I just called the shelter and was told a different story than wut this plea says as far as time left and I don't know this shelter to know if that info is correct...I was told that the mom and pups are there and can be released when they pups are weaned which is still a wk or two left she said.Plea says they are in danger now.Either way I am worried about them all and the fact the pups could get sick!!


----------



## Myamom (Oct 10, 2005)

bump..........wonder what their status is.....


----------



## BMD0123 (Oct 15, 2008)

Is anyone working on this family?


----------



## djpohn (Jun 27, 2003)

This is what I read on a list of Urgent SoCal Dogs:

"She is still in need of Rescue. Rescue tried to pull her last month, but shelter decided to keep them so they could adopt the pups out. since then all pups have died!"

Some of the Shelters here are horrible - one Shelter has no dog listed longer than the beginning of the month (adoptions are not that high) very high kill shelter!
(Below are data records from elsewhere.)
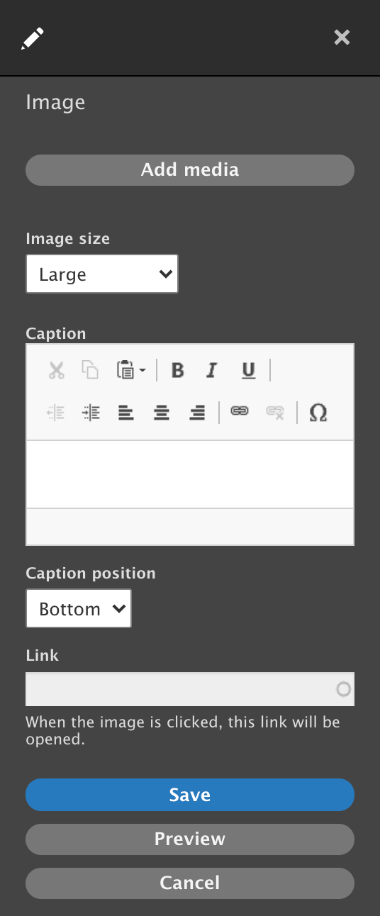 p) You may write a caption for the image and choose whether it is displayed above or below the image.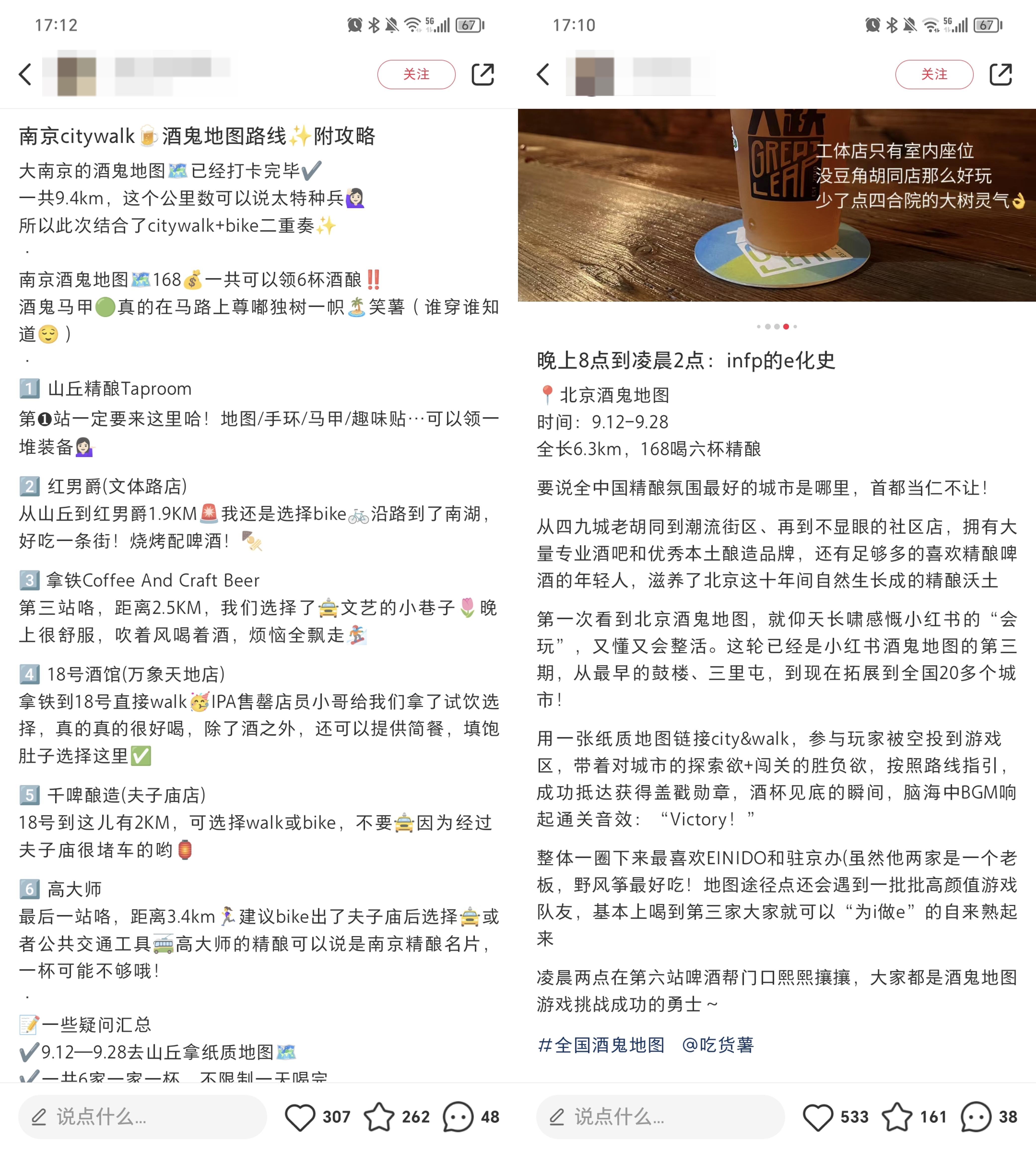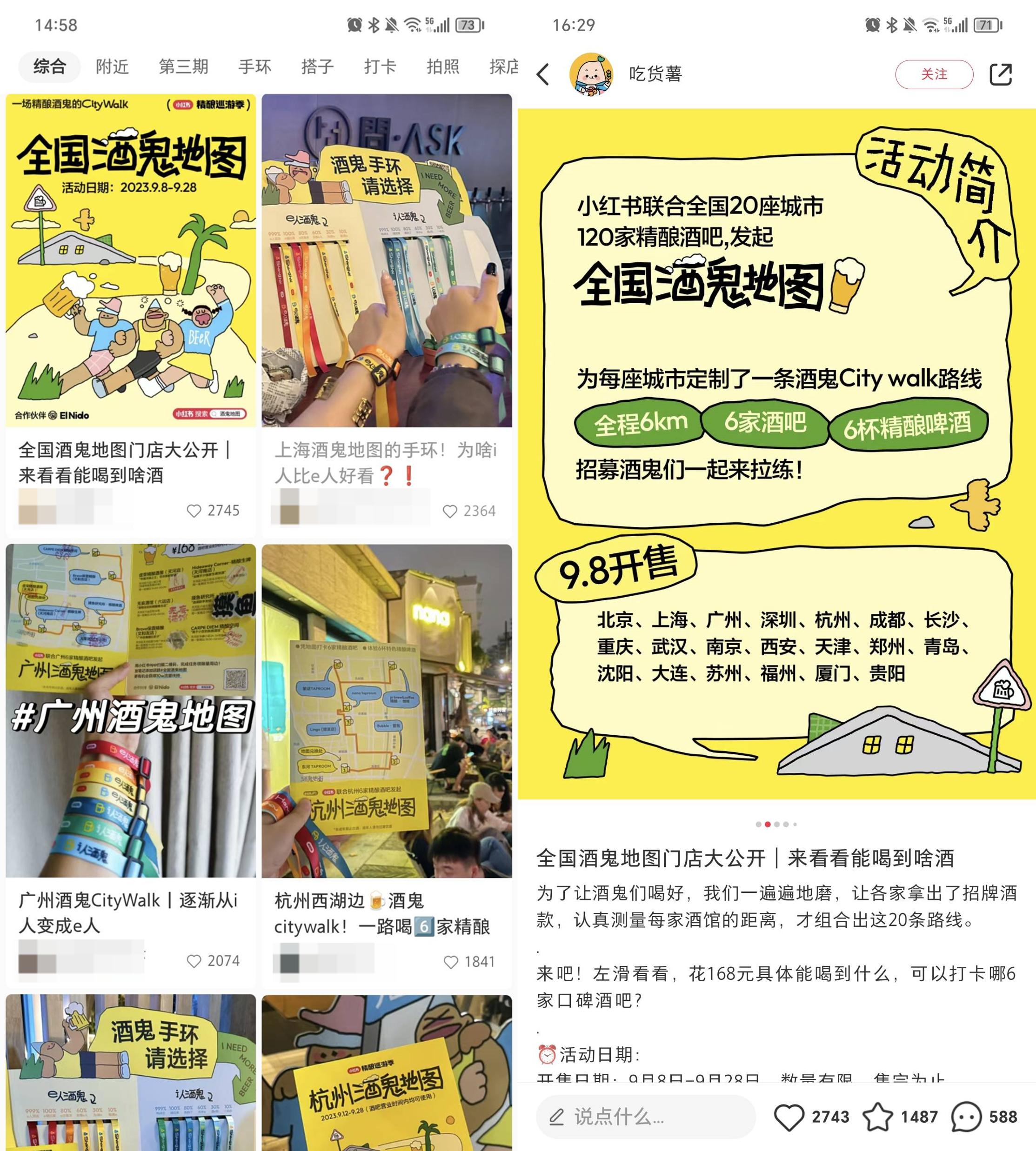 在这次活动中,小红书挑选了20个城市,设计了酒吧主题的citywalk,参与者可以沿着路线打卡当地口碑酒吧,价值168元的地图套票可以在6家酒吧喝6杯酒,近乎半价,属实是非常良心的薅羊毛活动了。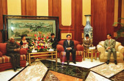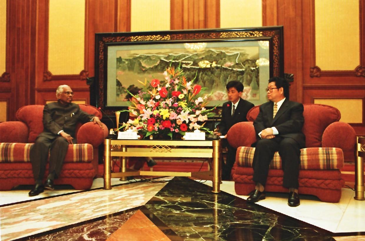 | Caption: | The President of India, Shri K R Narayanan during the Joint meeting with the Governor of Liaoning Province and Mayor of Dalian at Dalian City in China on May 31, 2000 |

We have had them euthanize dogs while the volunteer was there to pick them up!


----------



## brt (Sep 16, 2008)

I got the same plea by email, that pups died and Mom is now extremely urgent.


----------



## kathyb (May 16, 2007)

Does anyone have a picture of mom?


----------



## Karin (Jan 4, 2008)

Rest in peace, poor puppies.







I hope your mother is able to get of out that awful place.


----------



## kathyb (May 16, 2007)

I was at work and the picture did not come up. She looks so sad, the poor girl watched her pups die.


----------